YOUR INSTRUCTIONS => Only the pictures are to be left out; write out the rest of the data exactly.

SOURCE MATERIAL =>
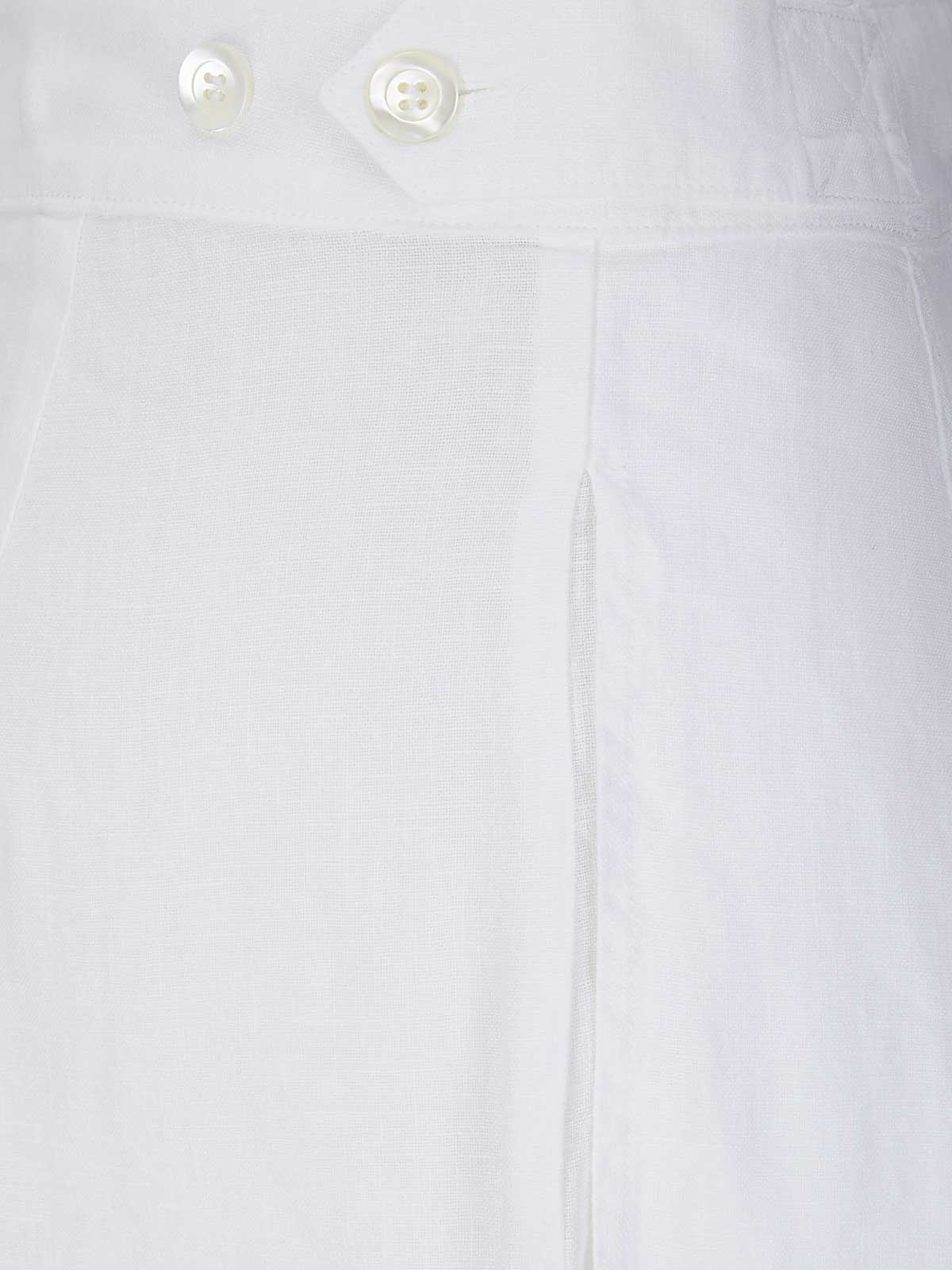 Pantalon en lin, fermeture zippée et boutonnée, deux poches passepoilées latérales, jambe large.
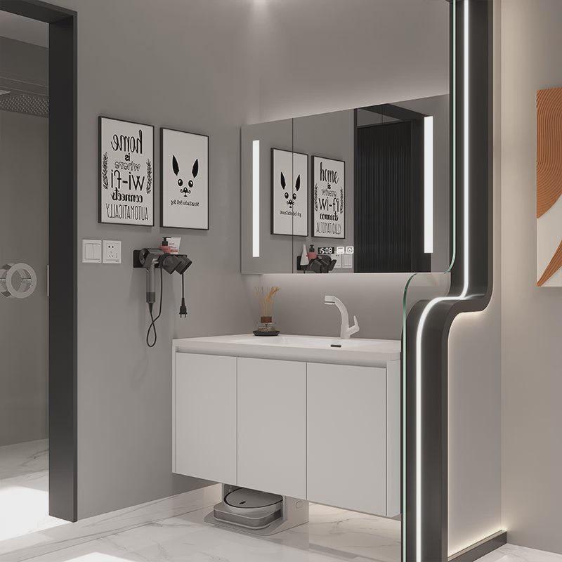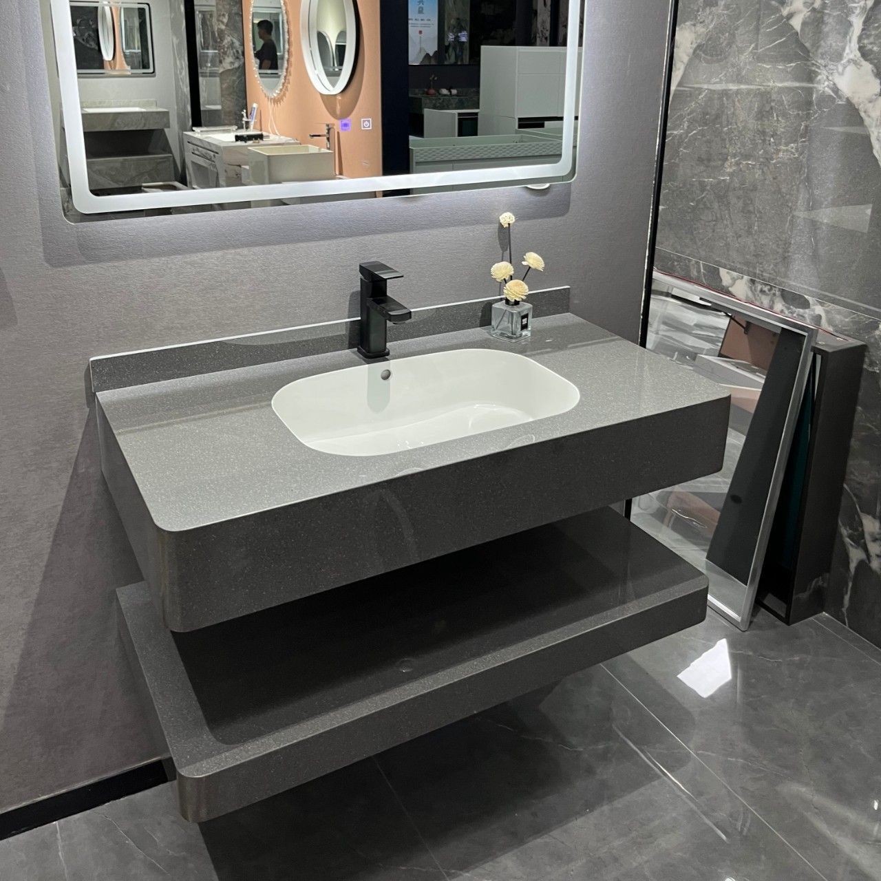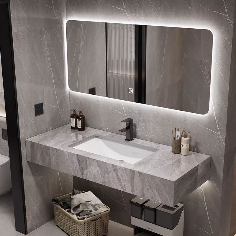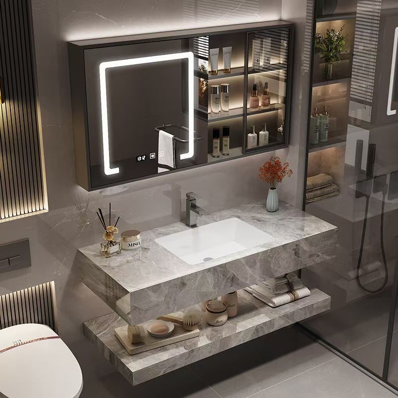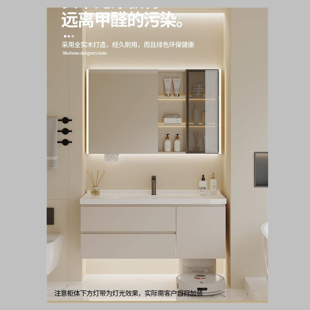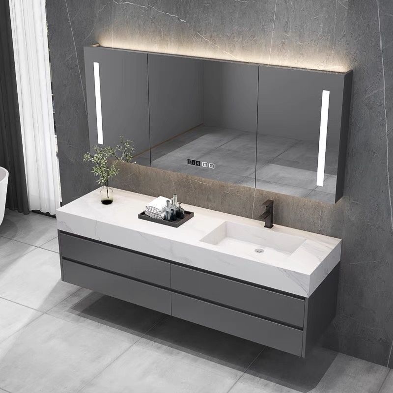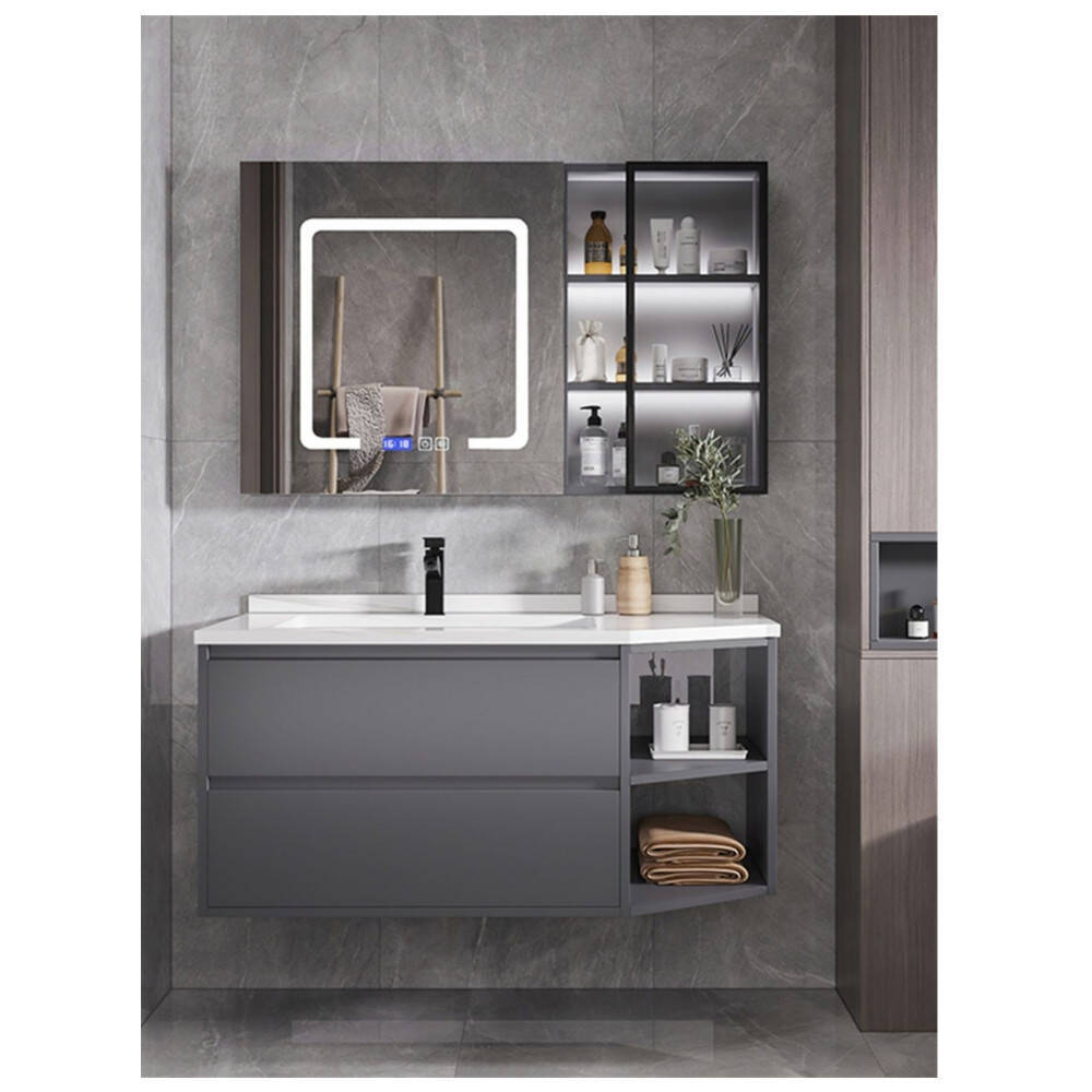 スマート岩板一体台盆浴室キャビネットセット実木軽豪華洗面池セット洗面台浴室キャビネットグレー
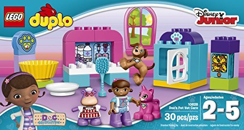 Disney Junior's Doc McStuffins fans will love lifting the cat onto the scales to check its weight before examining it on the table. Then they can feed Findo before opening the door of the kennel to let him settle down for the night. Show young children how to care for animals in this fun set with simple builds. Includes a LEGO DUPLO figure: Doc McStuffins, plus Hallie, Findo the dog and a cat.
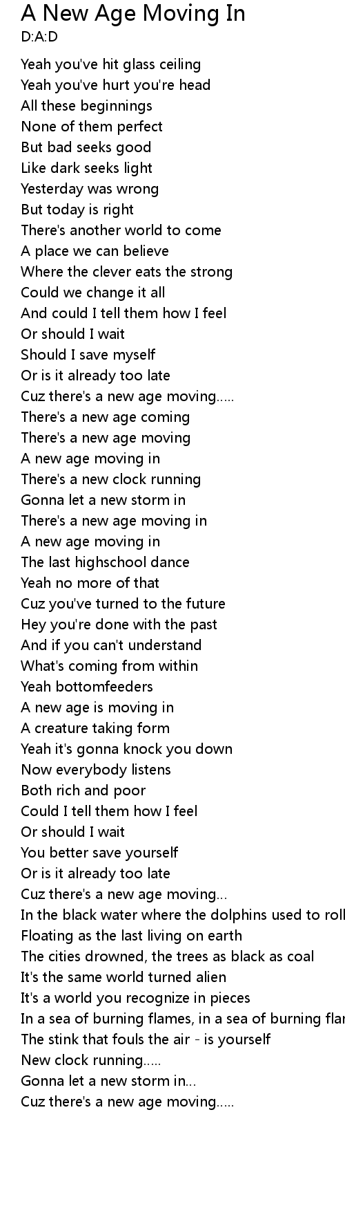 | Cuz there' s a new age moving | |

SOLUTION FOR THIS TASK =>
 Pantalon en lin, fermeture zippée et boutonnée, deux poches passepoilées latérales, jambe large.
 スマート岩板一体台盆浴室キャビネットセット実木軽豪華洗面池セット洗面台浴室キャビネットグレー
 Disney Junior's Doc McStuffins fans will love lifting the cat onto the scales to check its weight before examining it on the table. Then they can feed Findo before opening the door of the kennel to let him settle down for the night. Show young children how to care for animals in this fun set with simple builds. Includes a LEGO DUPLO figure: Doc McStuffins, plus Hallie, Findo the dog and a cat.
 | Cuz there' s a new age moving | |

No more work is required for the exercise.